## What you have to do
Could you restate word for word only the lines below from the one holding "Hoogslaper met bureau" to the one holding "2025年1月7日,西藏日喀", inclusive, and leave out the pictures?

## Supplied data
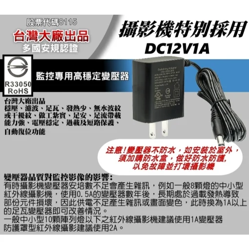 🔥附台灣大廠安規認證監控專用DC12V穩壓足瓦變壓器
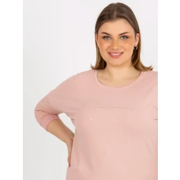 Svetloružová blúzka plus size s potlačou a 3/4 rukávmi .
...
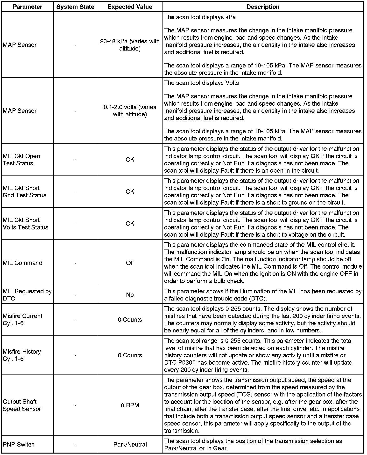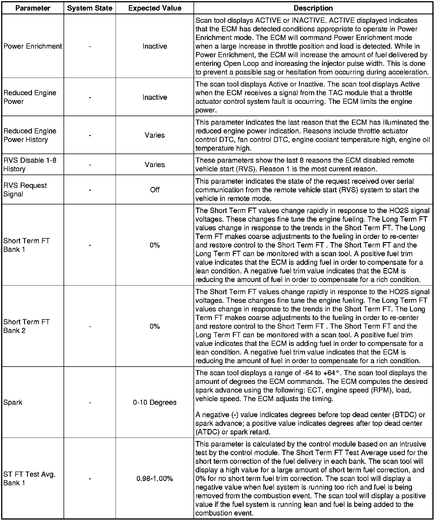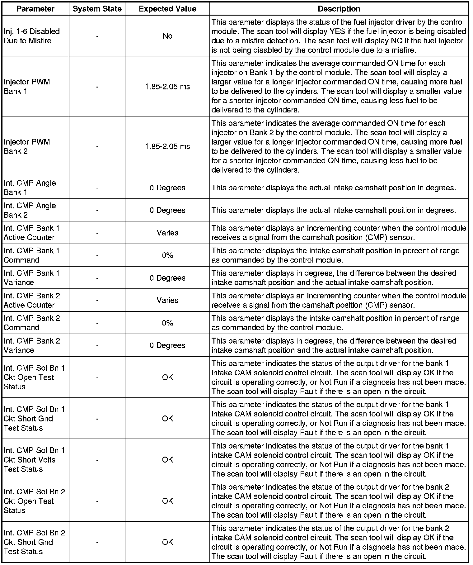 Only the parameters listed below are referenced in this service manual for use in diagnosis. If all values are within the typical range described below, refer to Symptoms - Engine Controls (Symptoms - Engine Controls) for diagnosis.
--
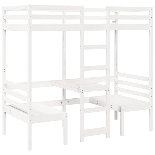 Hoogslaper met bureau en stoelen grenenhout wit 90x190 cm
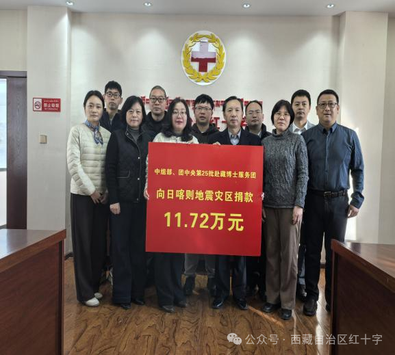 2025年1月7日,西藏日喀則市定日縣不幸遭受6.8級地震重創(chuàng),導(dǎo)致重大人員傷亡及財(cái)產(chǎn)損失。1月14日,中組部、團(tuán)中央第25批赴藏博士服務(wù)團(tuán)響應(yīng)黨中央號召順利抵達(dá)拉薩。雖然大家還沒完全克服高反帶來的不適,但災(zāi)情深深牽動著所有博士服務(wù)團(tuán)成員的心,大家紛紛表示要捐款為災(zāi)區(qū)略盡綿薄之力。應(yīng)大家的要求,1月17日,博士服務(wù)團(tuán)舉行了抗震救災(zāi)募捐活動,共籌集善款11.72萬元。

## Response to the task
 Hoogslaper met bureau en stoelen grenenhout wit 90x190 cm
 2025年1月7日,西藏日喀則市定日縣不幸遭受6.8級地震重創(chuàng),導(dǎo)致重大人員傷亡及財(cái)產(chǎn)損失。1月14日,中組部、團(tuán)中央第25批赴藏博士服務(wù)團(tuán)響應(yīng)黨中央號召順利抵達(dá)拉薩。雖然大家還沒完全克服高反帶來的不適,但災(zāi)情深深牽動著所有博士服務(wù)團(tuán)成員的心,大家紛紛表示要捐款為災(zāi)區(qū)略盡綿薄之力。應(yīng)大家的要求,1月17日,博士服務(wù)團(tuán)舉行了抗震救災(zāi)募捐活動,共籌集善款11.72萬元。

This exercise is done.